Contextual Embeddings: ELMo & the Path to Transformers

Section 1.4

A word's meaning depends on context, they said. So does my performance review, but nobody built ELMo for that.

LexicaLexica, Context-Dependent AI Agent
Big Picture: Why Contextual Embeddings Matter

Static embeddings (Word2Vec, GloVe) assign one fixed vector per word, ignoring context entirely. Contextual embeddings, pioneered by ELMo, broke this limitation by producing different vectors for the same word in different sentences. This idea of context-dependent representation became the foundation for every modern LLM, from BERT to GPT-4. Understanding how ELMo works illuminates the "pretrain then fine-tune" paradigm that dominates NLP today and sets the stage for the Transformer architecture in Section 3.1.

Prerequisites

This section assumes you understand static word embeddings (Word2Vec, GloVe) from Section 1.3 and their key limitation: one vector per word regardless of context. The "pretrain then fine-tune" paradigm introduced in this section is a key bridge to the transformer architecture covered later in the book.

The Polysemy Problem

Word2Vec, GloVe, and FastText share a fundamental limitation: each word gets exactly one vector, regardless of context. But language is deeply contextual.
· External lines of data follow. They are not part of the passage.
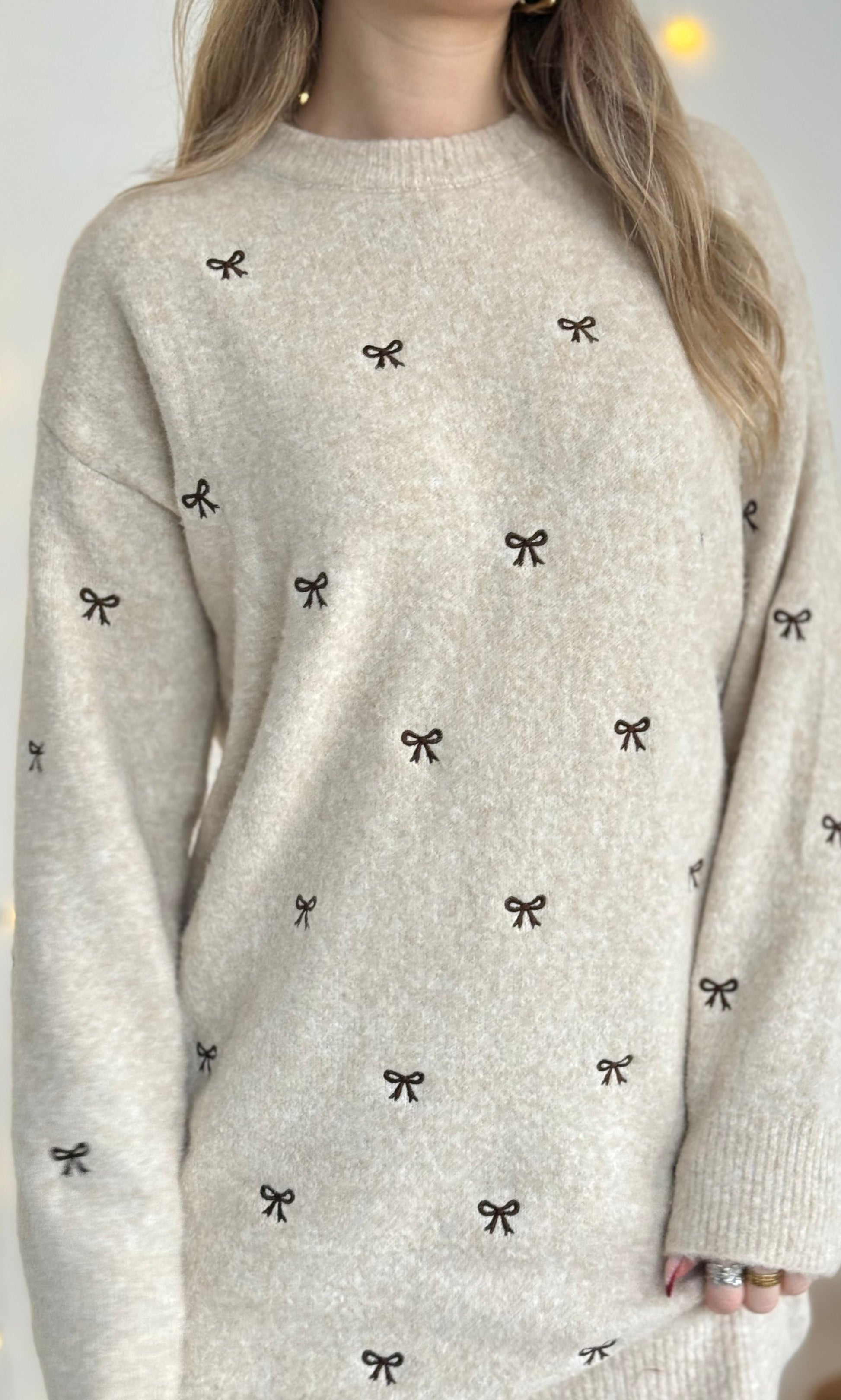 - Robe pull écrue avec les nœuds chocolat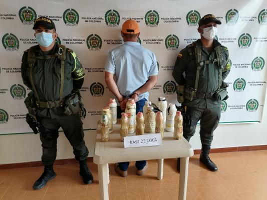 Capturado con 15 kilos de base de coca ocultos en botellas de plástico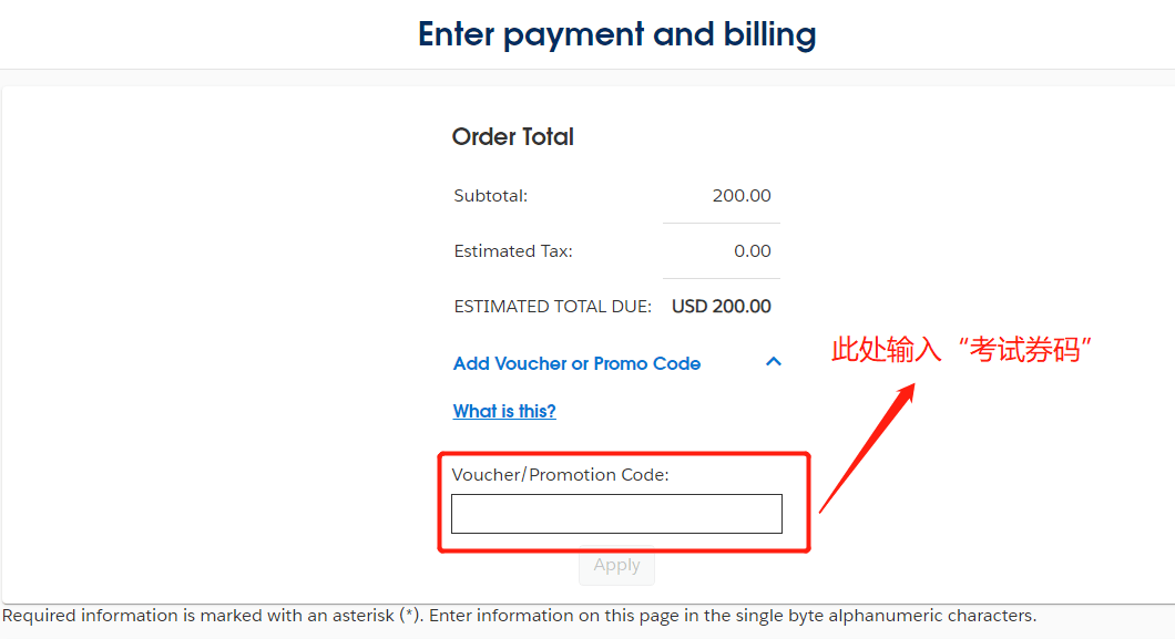 使用考试券(Voucher),即直接输入券码,系统会抵扣对应金额。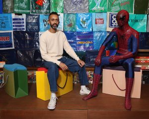 Hetain Patel portrait (seated with Spiderman). Artangel, Hetain Patel, Come As You Really Are, photograph © Lia Toby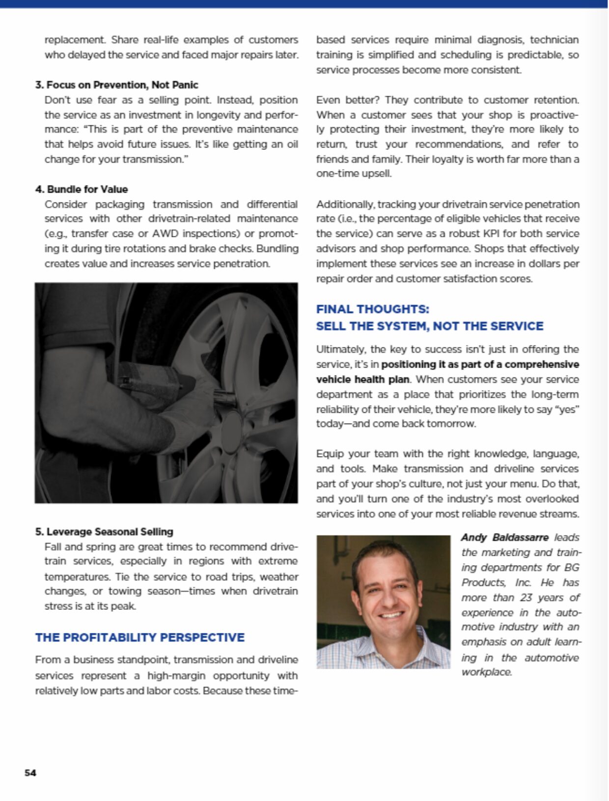 Equip your team with the right knowledge, language, and tools. Make transmission and driveline services part of your shop’s culture, not just your menu. Do that, and you’ll turn one of the industry’s most overlooked services into one of your most reliable revenue streams.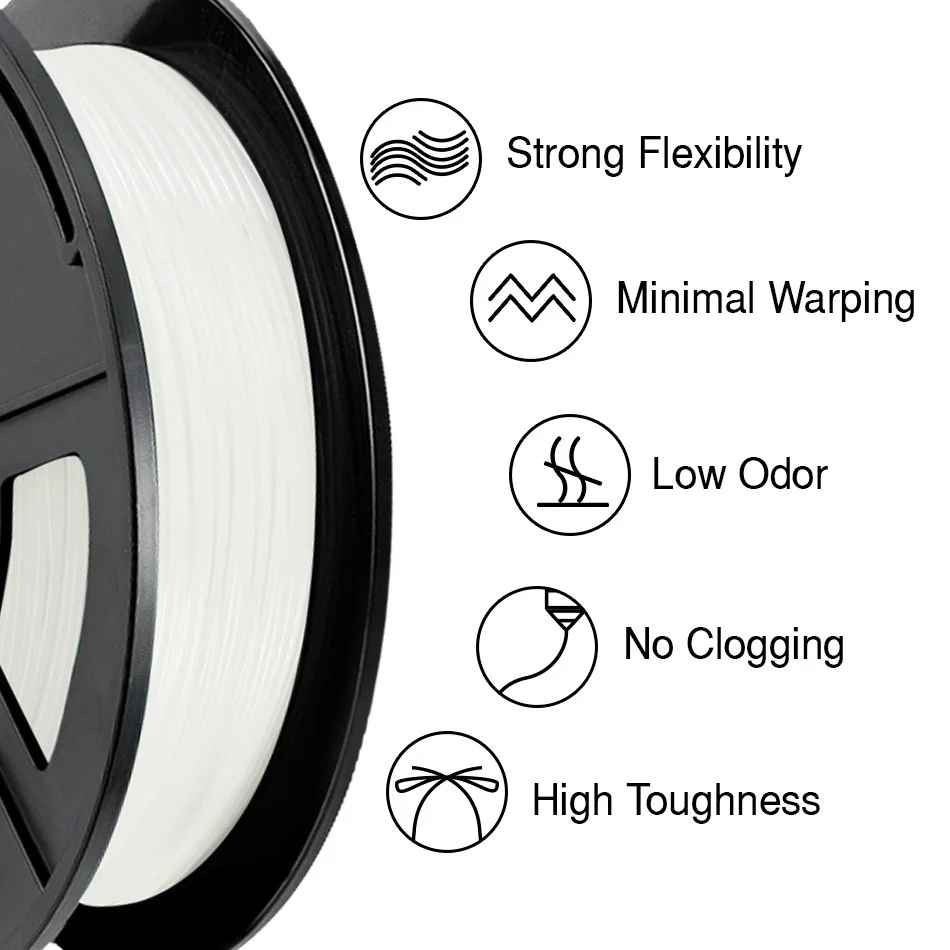 * Диаметр провода: 1,75/3,0 мм* Допуск: ± 0,03 мм* Температура печати: 205-230 ℃* Температура пола: не нужно нагревать* Сила тяги (кгс):/Индекс расплава: 5-8 г/10 мин (190 ℃, 2,16 кг)* Удлинение при разрыве: 600%* Скорость печати: 20-40 мм/сек.* Воздушные пузыри: 100% нулевые пузыри• Вес нетто: 0,5 кг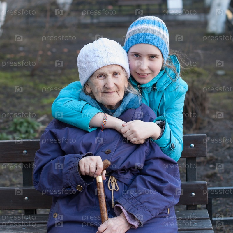 Внучка обнимает бабушку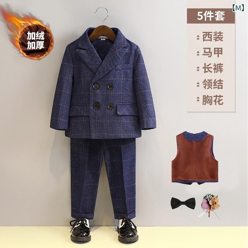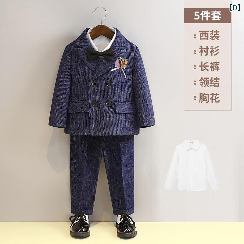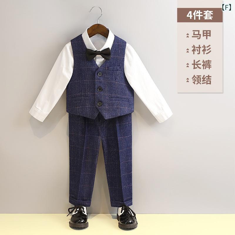子供用 フォーマル スーツ セットアップ 格子柄 男の子 花婿衣装 結婚式 発表会 舞台衣装 演奏会 紳士風 ジャケット ベスト パンツ 長袖シャツ 蝶ネクタイ ブローチ付き 入園式 卒園式 入学式 卒業式 七五三 春秋冬

Fun Fact: One Word, Many Personalities

Think of the word "bank" as an actor who changes costume between scenes: a financial institution in one act, a riverbank in another, a verb of trust in a third. Word2Vec hired one actor and asked them to play all three roles in the same outfit, which is why the result feels blurry. ELMo finally let the actor change costumes between scenes, which is the entire reason contextual embeddings won.

Consider the word "bank":

With Word2Vec, all three uses map to the same vector: a compromise that captures none of the meanings well. This is called the polysemy problem.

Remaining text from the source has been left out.